Heard the one about the pope? Sadly, yes
By PATRICK MCKEARNEY - GUARDIAN
Added: Wed, 22 Jun 2011 05:42:18 UTC
(Patrick McKearney is studying for an MPhil in theology and religious studies at Cambridge University. A scholar of the Cambridge Interfaith Programme and Queens' College, he is researching the implications of the contemporary ridicule of religion.)
Stand-up comedy has the ability to cast anything, from traffic jams to politics, in an entirely new light. It is like a new pair of glasses that helps us see the world in a novel way. The best of it challenges our suppositions and deconstructs our prejudices. The most impressive comedians use their powerful voices to change how we look at our society and ourselves.
But when it comes to religion, contemporary stand-ups are not giving us this new perspective. They endlessly ridicule tired stereotypes of religion, but fail to turn their critical attention to secularism, atheism or liberalism. And that is problematic. Because when comedians mock the faults of a standardised "other" they leave their own assumptions, ignorance and flaws untouched. They just reinforce our world view, rather than critically engaging with it. They are not giving us a fresh pair of glasses, but returning some old and dusty spectacles that we have had for years.

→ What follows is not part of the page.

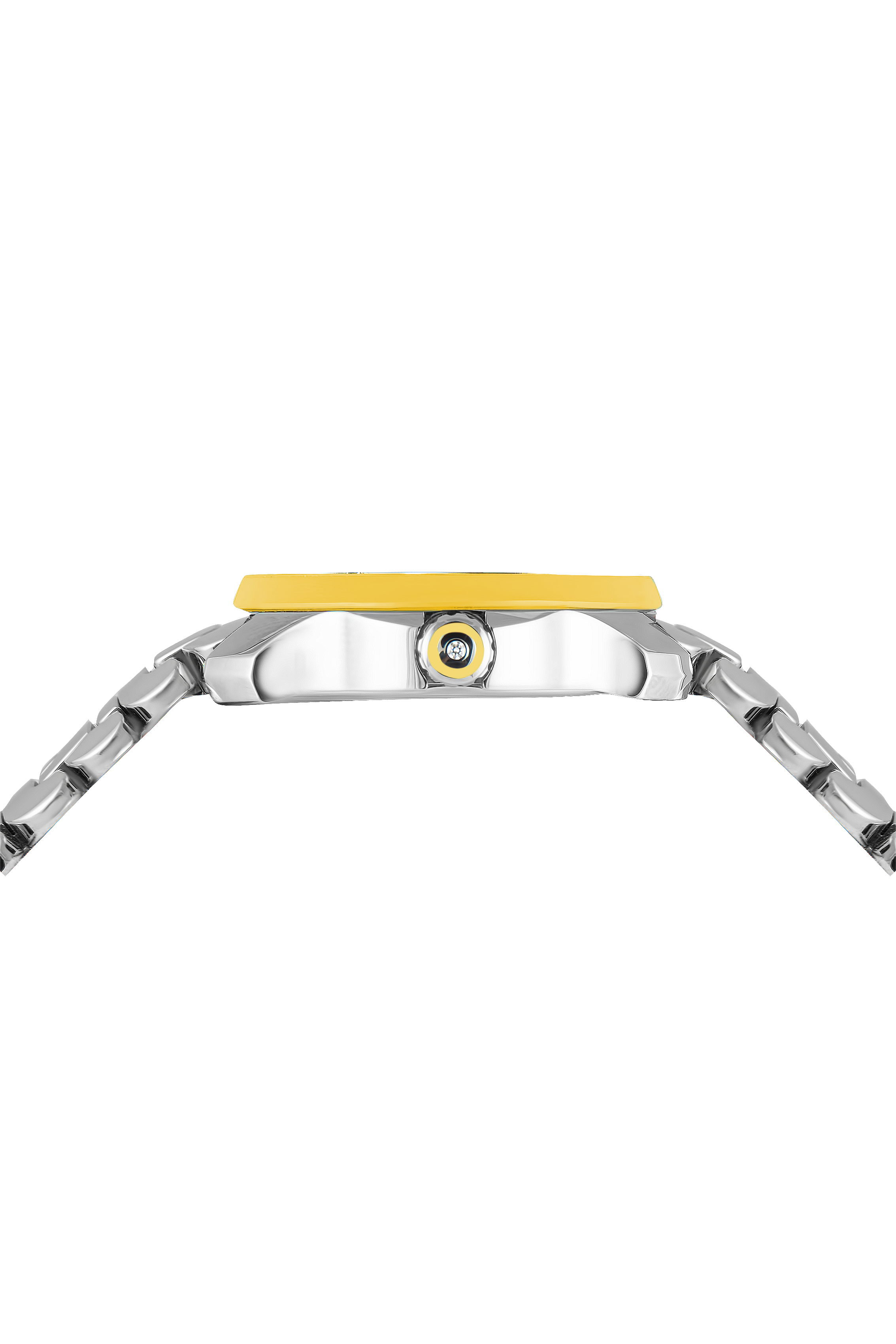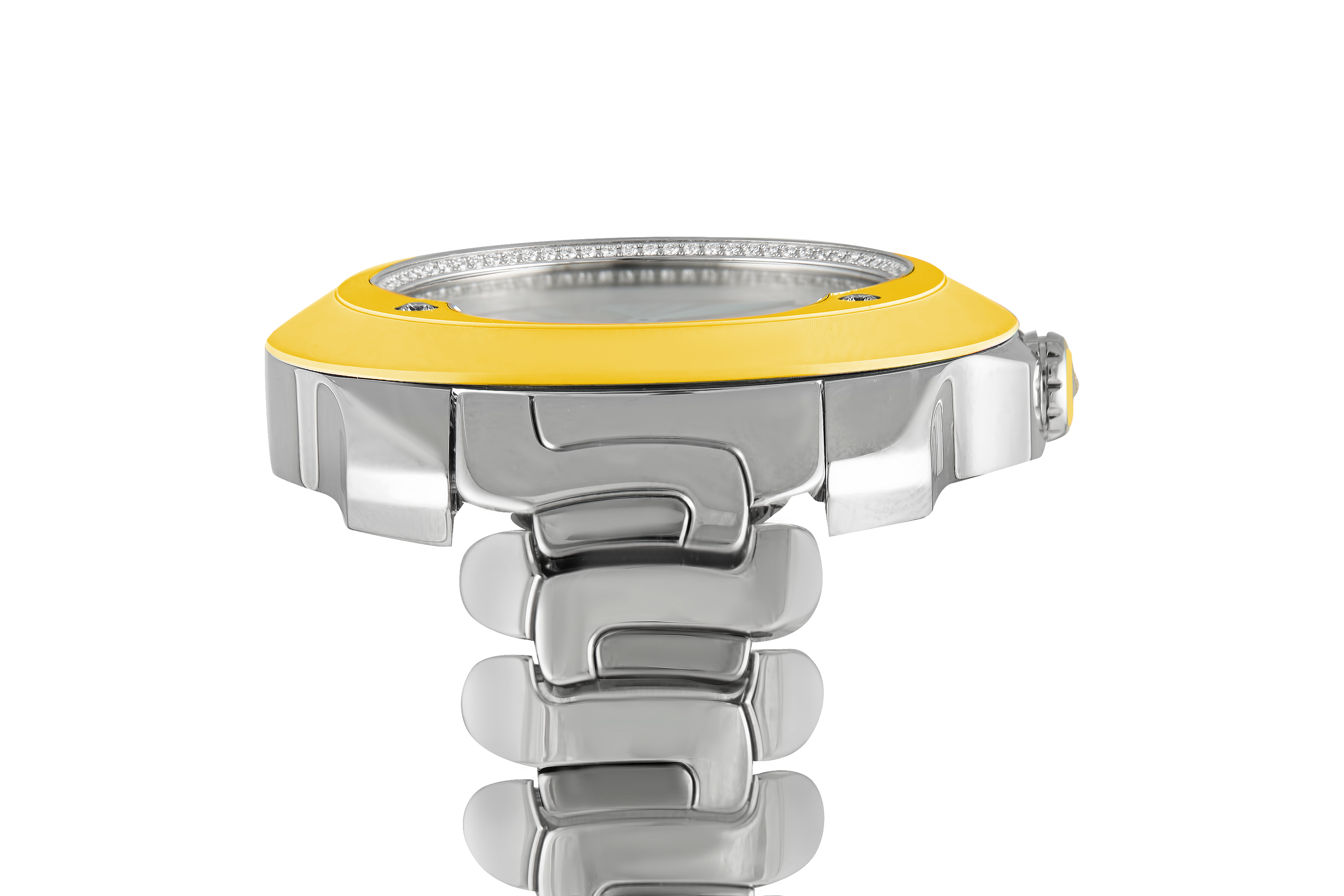 Combining vibrant design with impeccable craftsmanship, the Franc Vila Tribute In Colors Ref. 80Q.SS.NEO.108C offers a distinctive and elegant timepiece for women. Its polished and satin-finished stainless steel case (41 x 37 mm) with a slim 9 mm profile is luxuriously enhanced by dazzling diamond accents and a colorful composite bezel that adds a lively pop of color.

This lack of self-reflection must be the only way to explain their tedious repetition of generic, flat-pack criticisms. I might have doubled Richard Dawkins's profits by now if I had bought a copy of The God Delusion every time I had heard that Christian holidays were actually pagan hangovers, that the idea of a loving god is incompatible with the existence of evil and suffering, or that dinosaurs disprove intelligent design.